Problem to solve: Write again exactly the lines in the listing below, starting at the line with "Squirtle Squirtle Anime" and ending at the line with "Dit bijzettafeltje van", both included. Pictures are not copied.
Segment Start: Records
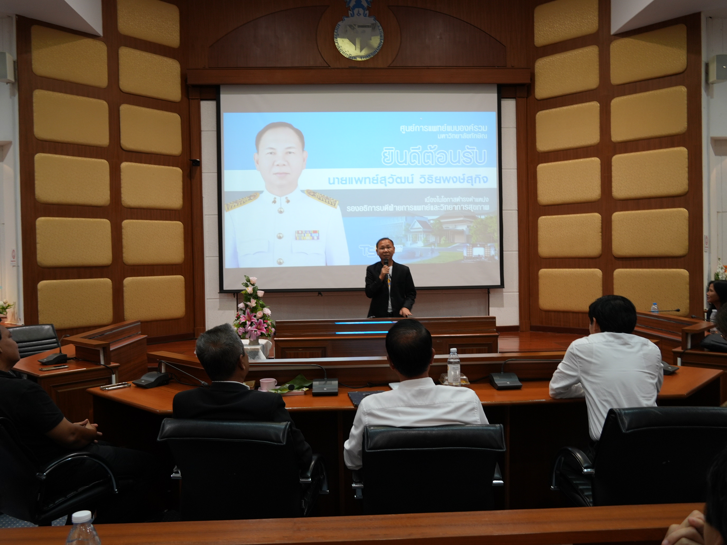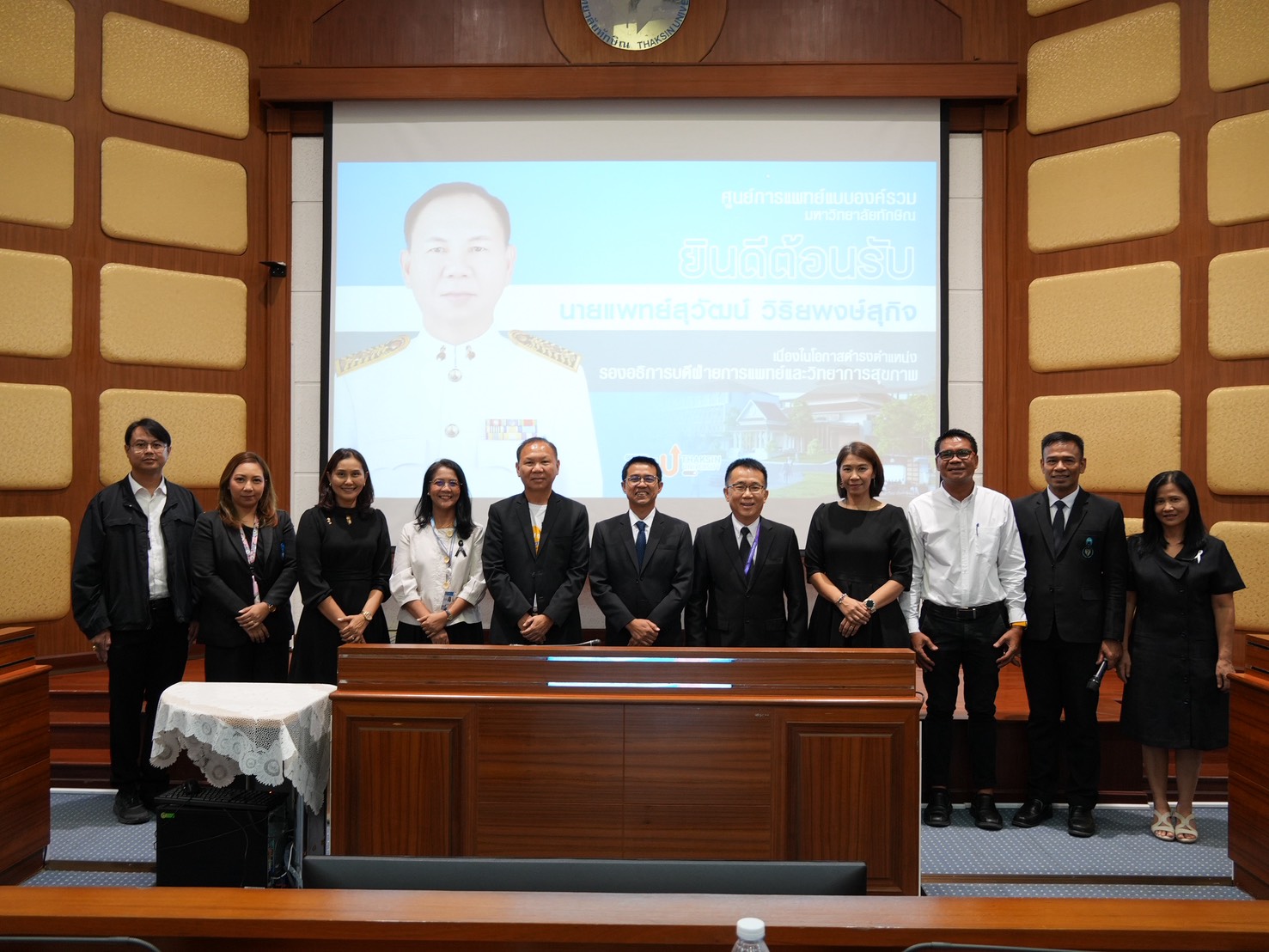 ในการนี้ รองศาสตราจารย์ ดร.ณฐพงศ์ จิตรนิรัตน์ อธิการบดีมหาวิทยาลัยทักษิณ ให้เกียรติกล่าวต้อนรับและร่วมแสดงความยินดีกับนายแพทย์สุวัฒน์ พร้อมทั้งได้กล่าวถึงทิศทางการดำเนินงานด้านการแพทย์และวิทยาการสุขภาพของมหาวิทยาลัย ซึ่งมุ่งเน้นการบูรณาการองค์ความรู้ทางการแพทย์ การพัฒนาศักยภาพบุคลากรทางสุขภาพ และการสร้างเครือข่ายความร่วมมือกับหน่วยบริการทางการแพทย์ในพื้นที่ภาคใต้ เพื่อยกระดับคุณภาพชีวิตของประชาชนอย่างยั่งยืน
Segment End: Records
Segment Start: Records
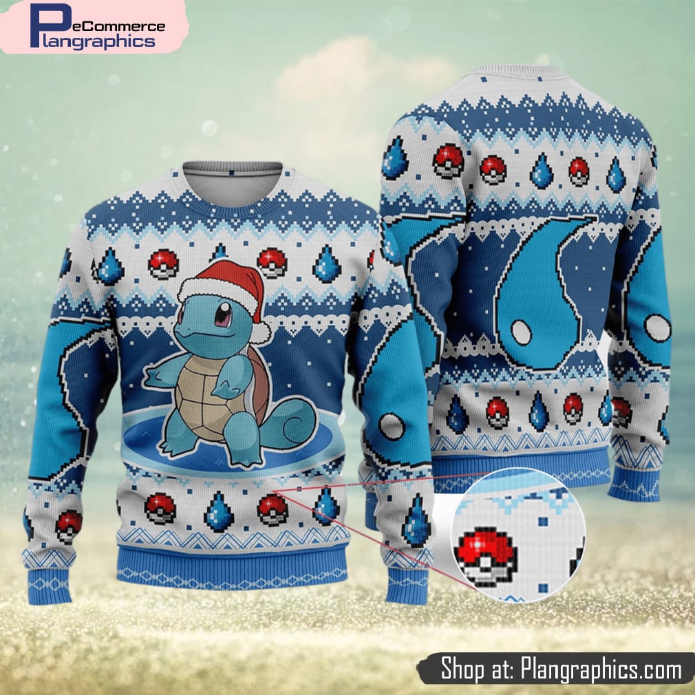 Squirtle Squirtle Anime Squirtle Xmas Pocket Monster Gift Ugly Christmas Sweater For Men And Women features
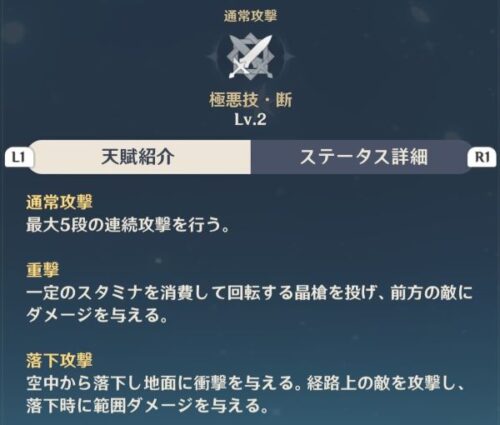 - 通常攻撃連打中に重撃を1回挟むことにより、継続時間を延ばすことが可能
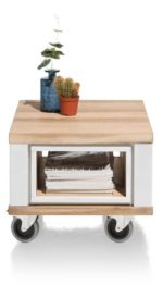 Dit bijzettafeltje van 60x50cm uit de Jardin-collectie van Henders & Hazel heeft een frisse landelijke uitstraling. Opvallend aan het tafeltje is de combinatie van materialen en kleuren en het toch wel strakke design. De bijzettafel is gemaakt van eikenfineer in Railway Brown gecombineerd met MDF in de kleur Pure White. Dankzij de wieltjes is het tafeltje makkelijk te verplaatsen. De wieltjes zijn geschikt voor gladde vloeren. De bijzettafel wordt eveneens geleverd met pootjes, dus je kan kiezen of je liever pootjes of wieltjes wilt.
Segment End: Records
Task output:
 Squirtle Squirtle Anime Squirtle Xmas Pocket Monster Gift Ugly Christmas Sweater For Men And Women features
 - 通常攻撃連打中に重撃を1回挟むことにより、継続時間を延ばすことが可能
 Dit bijzettafeltje van 60x50cm uit de Jardin-collectie van Henders & Hazel heeft een frisse landelijke uitstraling. Opvallend aan het tafeltje is de combinatie van materialen en kleuren en het toch wel strakke design. De bijzettafel is gemaakt van eikenfineer in Railway Brown gecombineerd met MDF in de kleur Pure White. Dankzij de wieltjes is het tafeltje makkelijk te verplaatsen. De wieltjes zijn geschikt voor gladde vloeren. De bijzettafel wordt eveneens geleverd met pootjes, dus je kan kiezen of je liever pootjes of wieltjes wilt.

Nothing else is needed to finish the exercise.